Repair and modification The light source does not contain any user-serviceable parts. Do not disassemble, modify or attempt to repair it; patient or user injury, equipment damage, and/or the impossibility to obtain the expected functionality can result. Some problems that appear to be malfunctions may be correctable by referring to Chapter 8, “Troubleshooting”. If the problem cannot be resolved using the information in Chapter 8, contact Olympus. The light source is to be repaired by Olympus technicians only.
Signal words The following signal words are used throughout this manual:
DANGER
Indicates an imminently hazardous situation which, if not avoided, will result in death or serious injury.
WARNING
Indicates a potentially hazardous situation which, if not avoided, could result in death or serious injury.
CAUTION
Indicates a potentially hazardous situation which, if not avoided, may result in minor or moderate injury. It may also be used to alert against unsafe practices or potential equipment damage.
NOTE
6
Indicates additional helpful information.
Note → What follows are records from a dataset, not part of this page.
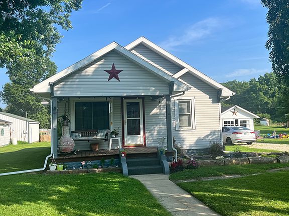 Small town living: Daleville school district Home offers wonderful front porch to listen to the sound of the koa pond, enjoy the back deck overlooking extra large yard. Home sits on 2 lots. Home overs newer roof (22), GFA (23), shower (23), newer flooring, vinyl replacement windows, vinyl siding. Crown molding in living room and dining room. Per seller hardwood flooring under the laminate in living room and dining room. Kitchen has slip lap wall. Mud room is plumbed for washer/dryer. Currently in the basement. 1 car detached garage.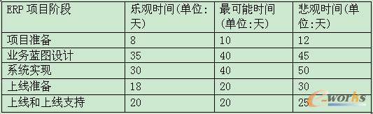 對影響項(xiàng)目進(jìn)度的因素分析的結(jié)果可以為A公司計(jì)算出合理的ERP實(shí)施五個(gè)階段的樂觀時(shí)間、最可能時(shí)間和悲觀時(shí)間.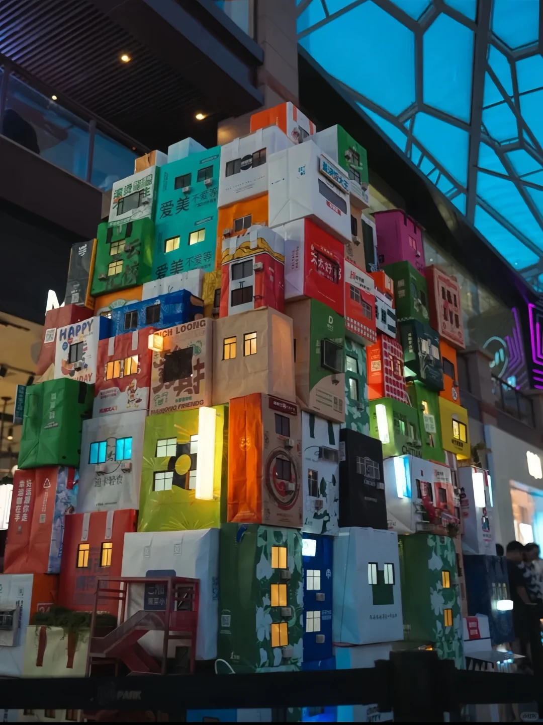 如何具象又精準地呈現當代人的速食生活?用外賣袋搭一座摩天大樓無疑是天才的想法。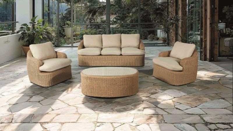 ГРАДИНСКИ КОМПЛЕКТ CHICAGO: 3 МЕСТА + 2 ФОТЬОЙЛА + 1 МАСИЧКА ЗА КАФЕ ALU - ПЛЕТЕН ЦВЯТ, БЕЖОВИ ВЪЗГЛАВНИЦИ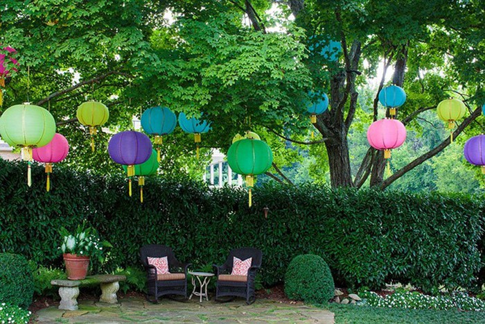Đầu tư hơn, bạn có thể sử dụng hàng rào bằng hoa hoặc treo đèn lồng cho khoảng sân trước nhà. Đèn có nhiều màu sắc, nhiều kích cỡ sẽ giúp ngôi nhà của bạn lung linh, huyền ảo khi đêm về.

CLV-190 INSTRUCTION MANUAL
Important Information - Please Read Before Use
Dangers, warnings, and cautions Follow the dangers, warnings, and cautions given below when handling the light source. This information is to be supplemented by the dangers, warnings, and cautions given in each chapter.
DANGER • Strictly observe the following precautions. Failure to do so may place the patient and medical personnel in danger of an electric shock. When the light source is used to examine a patient, do not allow metal parts of the endoscope or its accessories to touch metal parts of other system components. Such contact may cause unintended current flow to the patient. If fluids are spilled on or into the light source, stop operation of the light source immediately and contact Olympus. Do not prepare, inspect, or use the light source with wet hands. • Never install and operate the light source in the following locations. An explosion or fire may result because the light source is not explosion-proof. The concentration of oxygen is high. Oxidizing agents (such as nitrous oxide (N2O)) are present in the atmosphere. Flammable anesthetics are present in the atmosphere. Flammable liquids are nearby.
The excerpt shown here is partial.